**Dataset excerpt:**
============================================================

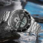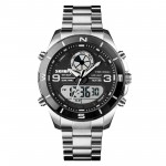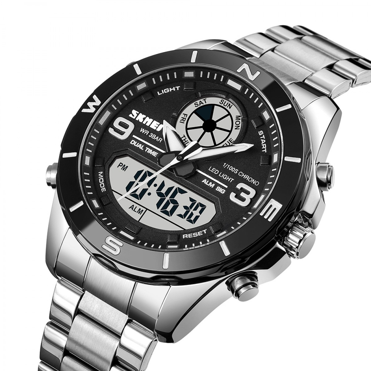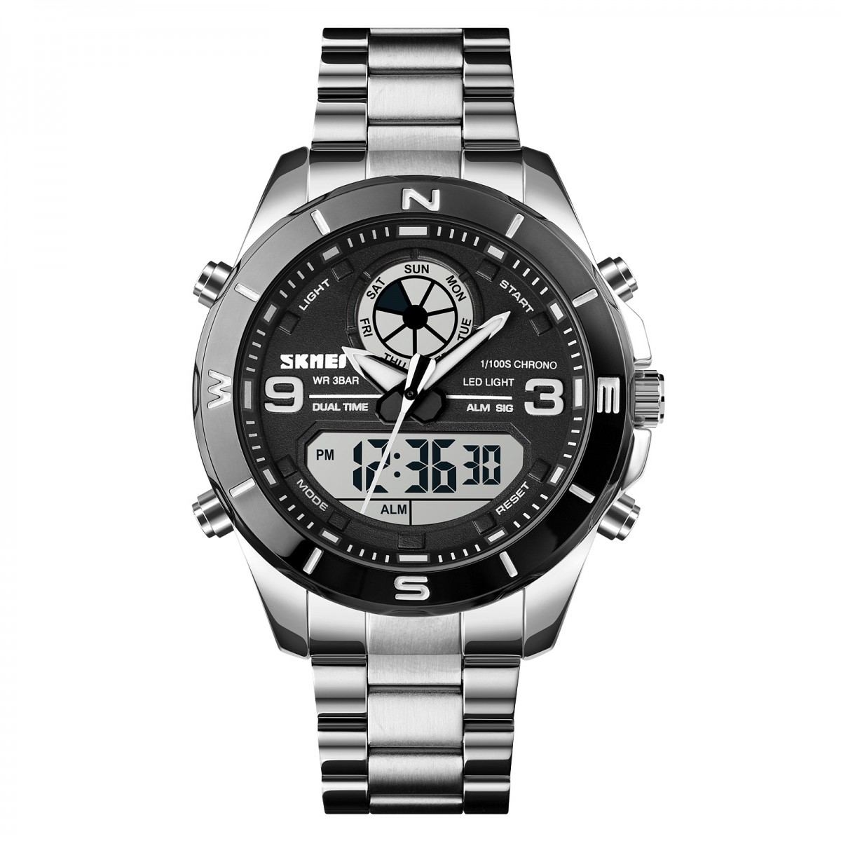 Пристрій обладнаний кварцовим механізмом та має стрілочно-електронний циферблат з підсвічуванням. Годинник оснащений корисними функціями: будильником, календарем, другим часовим поясом і секундоміром. Комфортний браслет завдовжки 23 см і шириною 20 см підходить кожному, а стильний сірий корпус у поєднанні зі сріблястим ремінцем роблять його чудовим доповненням до будь-якого образу.
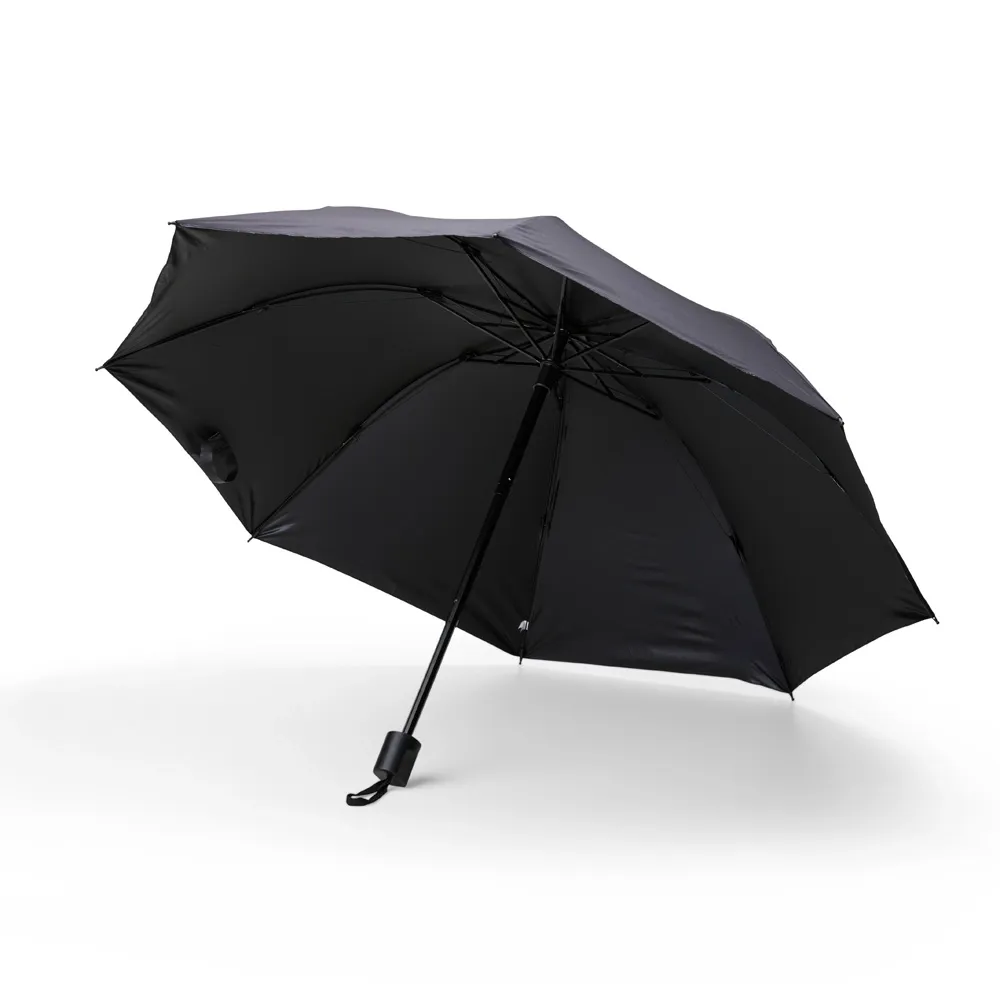 Guarda-chuva manual de tecido em nylon com parte interna em vinil. Possui 8 varetas e estrutura em aço, pegador, botão de abertura e alça de nylon. Acompanha capa protetora.
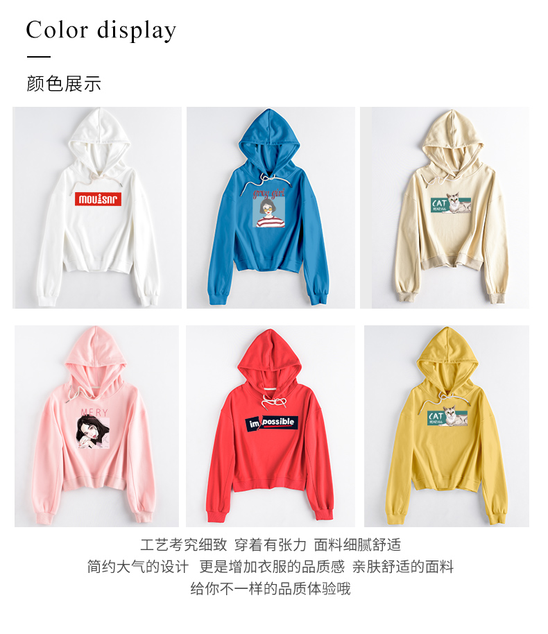 产品名称:2025新款ins超火短款连帽卫衣女夏春季bf风薄款帽衫潮学生宽松

============================================================

**Assigned task:**
Restate the material above word for word, dropping the pictures.

**Finished exercise:**
 Пристрій обладнаний кварцовим механізмом та має стрілочно-електронний циферблат з підсвічуванням. Годинник оснащений корисними функціями: будильником, календарем, другим часовим поясом і секундоміром. Комфортний браслет завдовжки 23 см і шириною 20 см підходить кожному, а стильний сірий корпус у поєднанні зі сріблястим ремінцем роблять його чудовим доповненням до будь-якого образу.
 Guarda-chuva manual de tecido em nylon com parte interna em vinil. Possui 8 varetas e estrutura em aço, pegador, botão de abertura e alça de nylon. Acompanha capa protetora.
 产品名称:2025新款ins超火短款连帽卫衣女夏春季bf风薄款帽衫潮学生宽松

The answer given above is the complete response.